Assignment: Starting at the first line of the data, please print exactly those lines through the one that holds "Portafoto cornice in", omitting every picture.

Extracted entries:
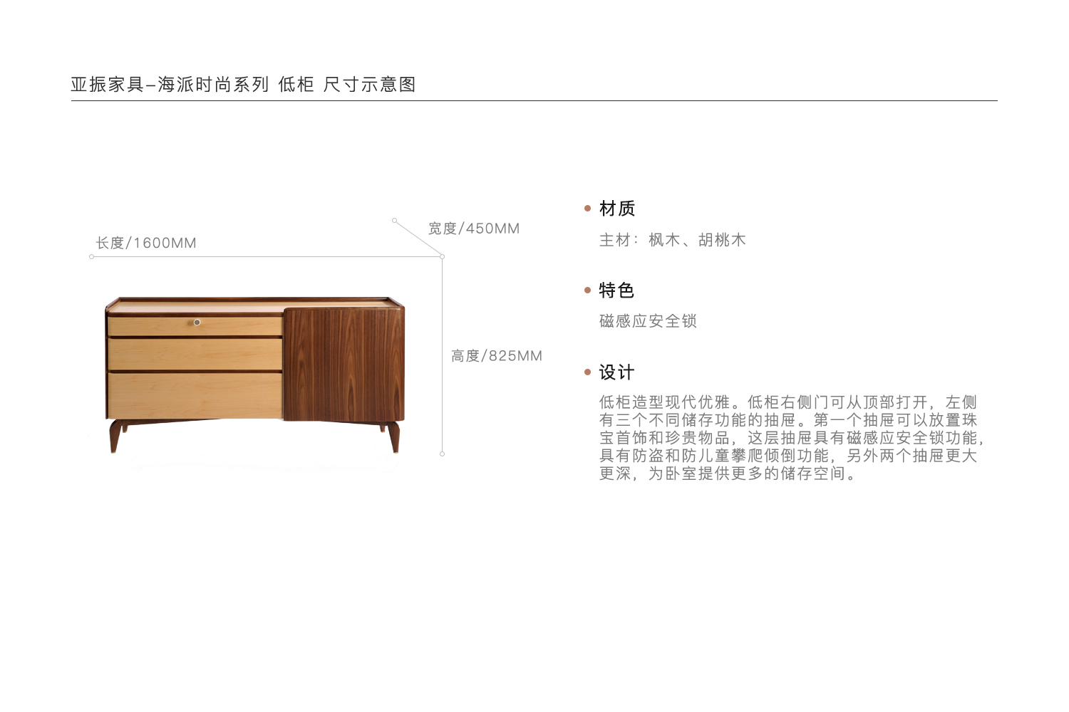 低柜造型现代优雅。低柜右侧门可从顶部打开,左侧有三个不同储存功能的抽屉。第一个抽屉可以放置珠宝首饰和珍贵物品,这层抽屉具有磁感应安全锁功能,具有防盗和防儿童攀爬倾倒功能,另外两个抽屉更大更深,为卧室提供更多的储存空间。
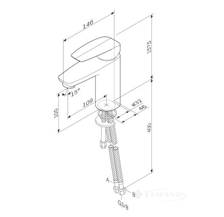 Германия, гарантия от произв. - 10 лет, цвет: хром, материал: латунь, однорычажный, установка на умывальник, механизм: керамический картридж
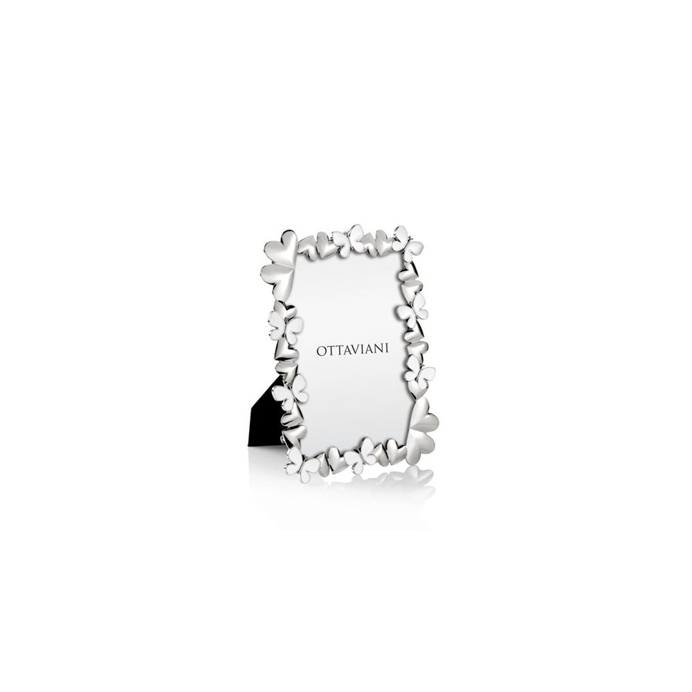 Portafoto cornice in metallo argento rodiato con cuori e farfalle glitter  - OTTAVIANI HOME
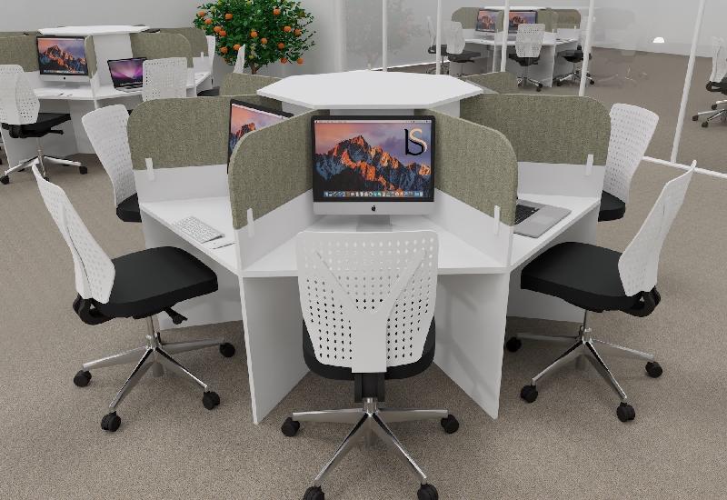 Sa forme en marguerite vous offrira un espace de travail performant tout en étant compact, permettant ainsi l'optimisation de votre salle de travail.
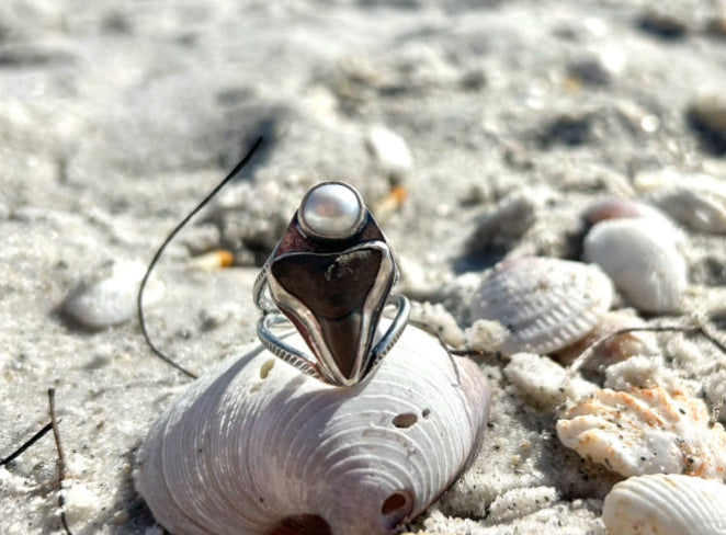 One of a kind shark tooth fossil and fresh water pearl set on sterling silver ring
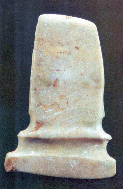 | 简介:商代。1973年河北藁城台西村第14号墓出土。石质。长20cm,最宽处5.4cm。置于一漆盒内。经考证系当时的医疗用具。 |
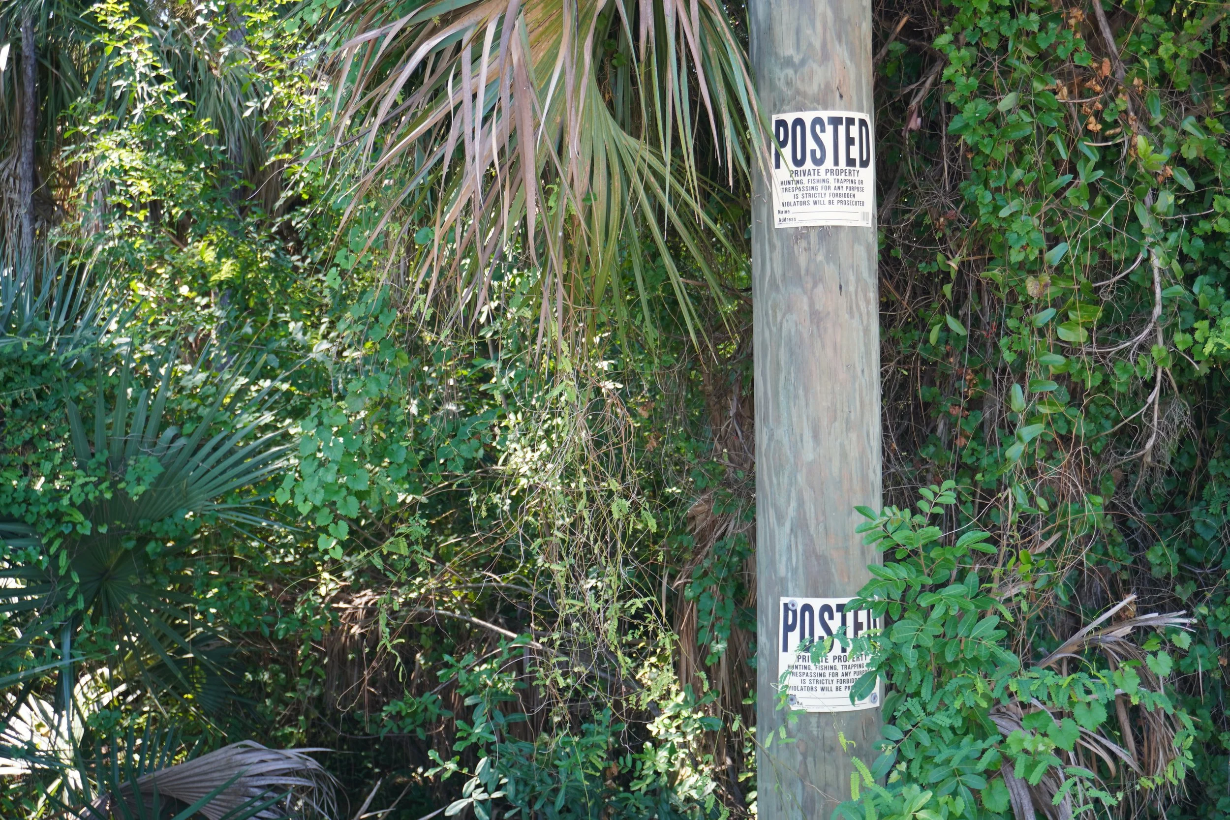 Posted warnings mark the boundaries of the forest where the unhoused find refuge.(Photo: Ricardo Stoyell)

Answer section:
 低柜造型现代优雅。低柜右侧门可从顶部打开,左侧有三个不同储存功能的抽屉。第一个抽屉可以放置珠宝首饰和珍贵物品,这层抽屉具有磁感应安全锁功能,具有防盗和防儿童攀爬倾倒功能,另外两个抽屉更大更深,为卧室提供更多的储存空间。
 Германия, гарантия от произв. - 10 лет, цвет: хром, материал: латунь, однорычажный, установка на умывальник, механизм: керамический картридж
 Portafoto cornice in metallo argento rodiato con cuori e farfalle glitter  - OTTAVIANI HOME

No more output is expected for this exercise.